Here are the packages that we will be using for this analysis. If you have never used these packages before use the ‘install.packages’ and firstly download the package, otherwise just use the ‘library’ function to load the packages.
#If not already installed, install first, remove hashtags
#install.packages("fitzroy")
#install.packages("dplyr")
#install.packages("tidtverse")
#If already loaded skip install process
library(fitzRoy)
library(dplyr)
##
## Attaching package: 'dplyr'
## The following objects are masked from 'package:stats':
##
## filter, lag
## The following objects are masked from 'package:base':
##
## intersect, setdiff, setequal, union
library(tidyverse)
## ── Attaching core tidyverse packages ──────────────────────── tidyverse 2.0.0 ──
## ✔ forcats 1.0.0 ✔ readr 2.1.4
## ✔ ggplot2 3.4.4 ✔ stringr 1.5.0
## ✔ lubridate 1.9.3 ✔ tibble 3.2.1
## ✔ purrr 1.0.2 ✔ tidyr 1.3.0
## ── Conflicts ────────────────────────────────────────── tidyverse_conflicts() ──
## ✖ dplyr::filter() masks stats::filter()

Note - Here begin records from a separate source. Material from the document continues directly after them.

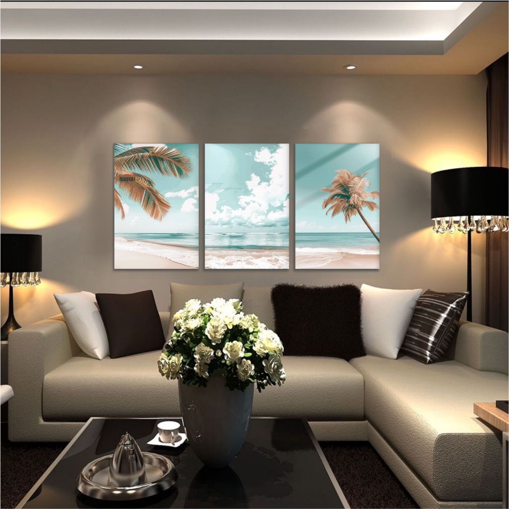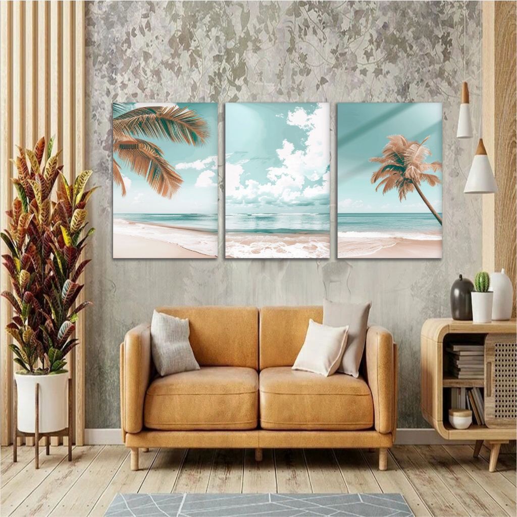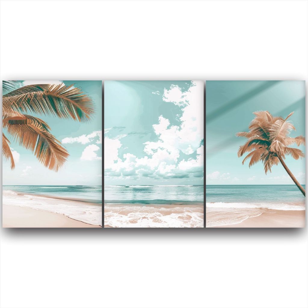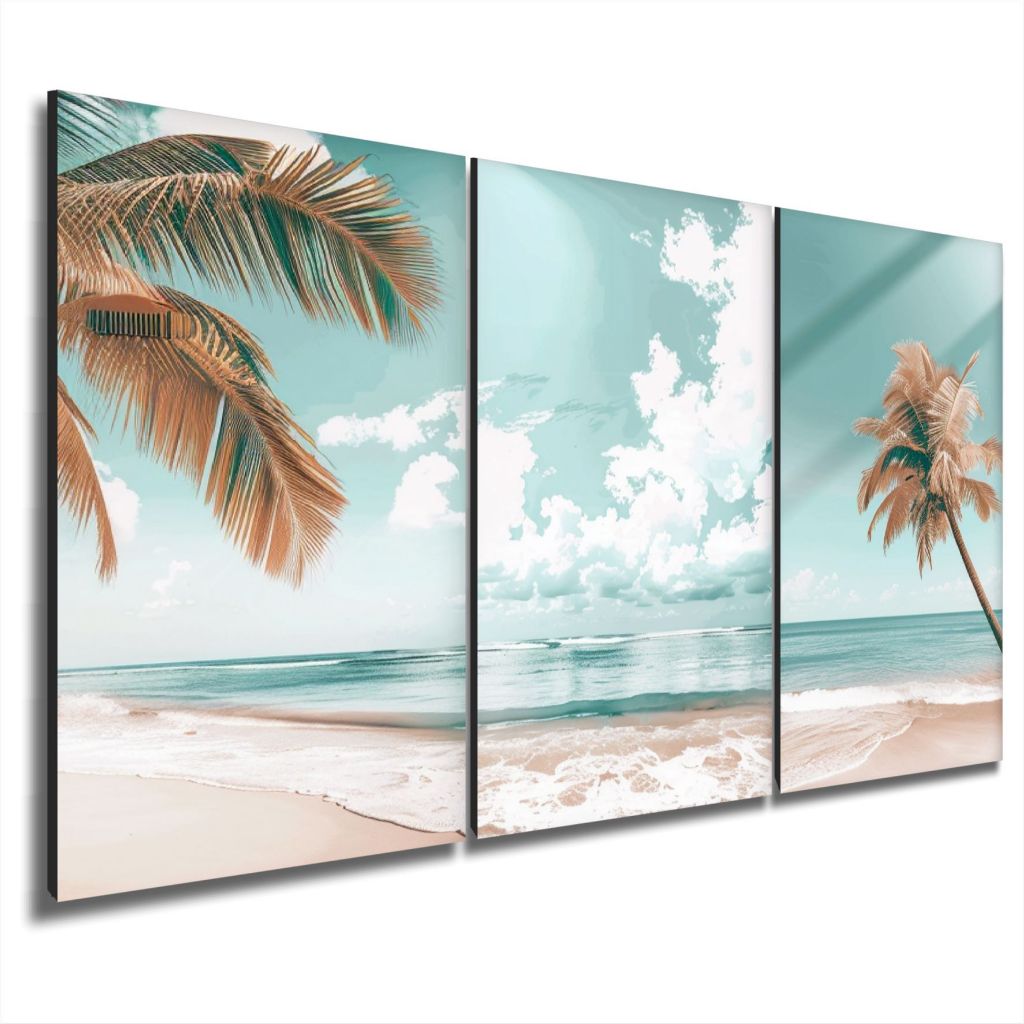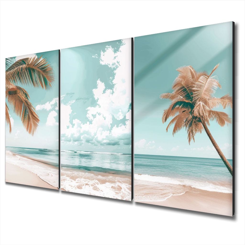 Quadro Decorativo Paisagem Praia Coqueiro Mar Céu Sala 3 PEÇAS
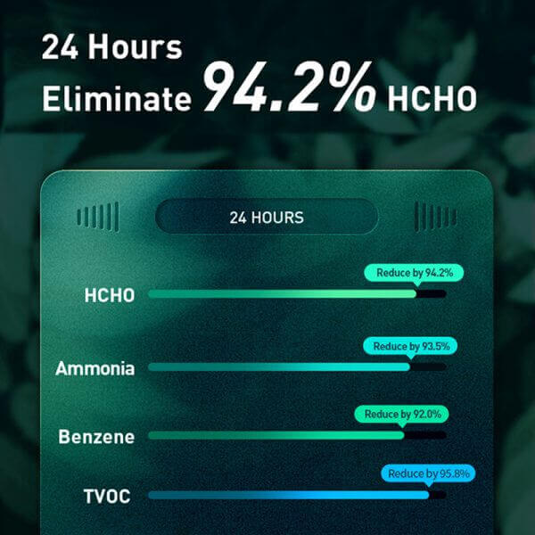 - За 24 часа работа, освежителят елиминира до 94.2% от формалдехида
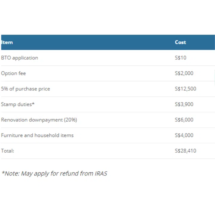 Financial costs: S$500 to S$2,000, depending on flat type
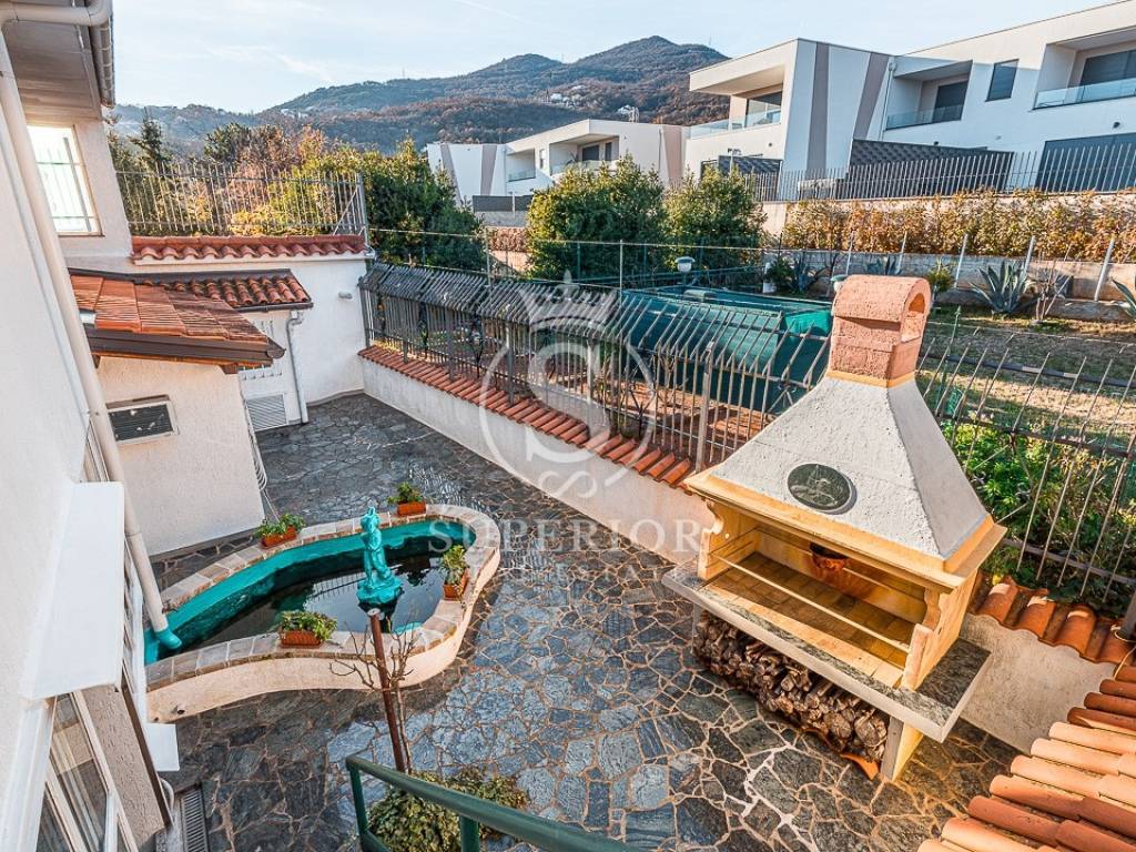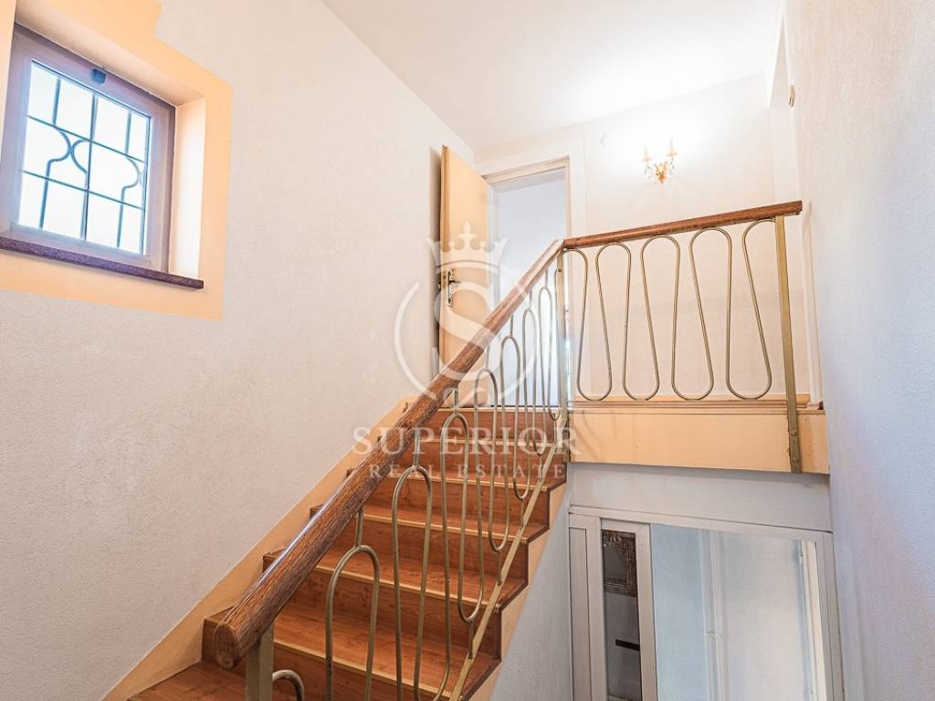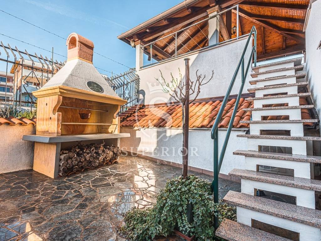 An external staircase connects the terrace with the rear garden, ideal for summer gatherings.

## ✖ dplyr::lag() masks stats::lag()
## ℹ Use the conflicted package (<http://conflicted.r-lib.org/>) to force all conflicts to become errors
Lets import some data to use, we will be sourcing our data from the ‘fitzroy’ package, the fitzroy package contains many datasets for AFL and AFLW competitions. The ‘fetch_results_afltables’ will give us all the results for each game of the selected season. Aswell as the match results the ‘fitzroy’ package can also provide player data, player statistics and ladder positions for different seasons.
afl2022 <- fitzRoy::fetch_results_afltables(season = 2022)
Lets have a quick look at our dataset
head(afl2022, )
## # A tibble: 6 × 16
## Game Date Round Home.Team Home.Goals Home.Behinds Home.Points Away.Team
## <dbl> <date> <chr> <chr> <int> <int> <int> <chr>
## 1 15984 2022-03-16 R1 Melbourne 14 13 97 Footscray
## 2 15985 2022-03-17 R1 Carlton 14 17 101 Richmond
## 3 15986 2022-03-18 R1 St Kilda 12 13 85 Collingw…
## 4 15987 2022-03-19 R1 Geelong 20 18 138 Essendon
## 5 15988 2022-03-19 R1 GWS 13 14 92 Sydney
## 6 15989 2022-03-19 R1 Brisbane… 11 14 80 Port Ade…
## # ℹ 8 more variables: Away.Goals <int>, Away.Behinds <int>, Away.Points <int>,
## # Venue <chr>, Margin <int>, Season <dbl>, Round.Type <chr>,
## # Round.Number <int>
As it can be seen above, the dataset has 16 variables consisting of date, round, home team, away team, goals, behinds, total score, venue and margin.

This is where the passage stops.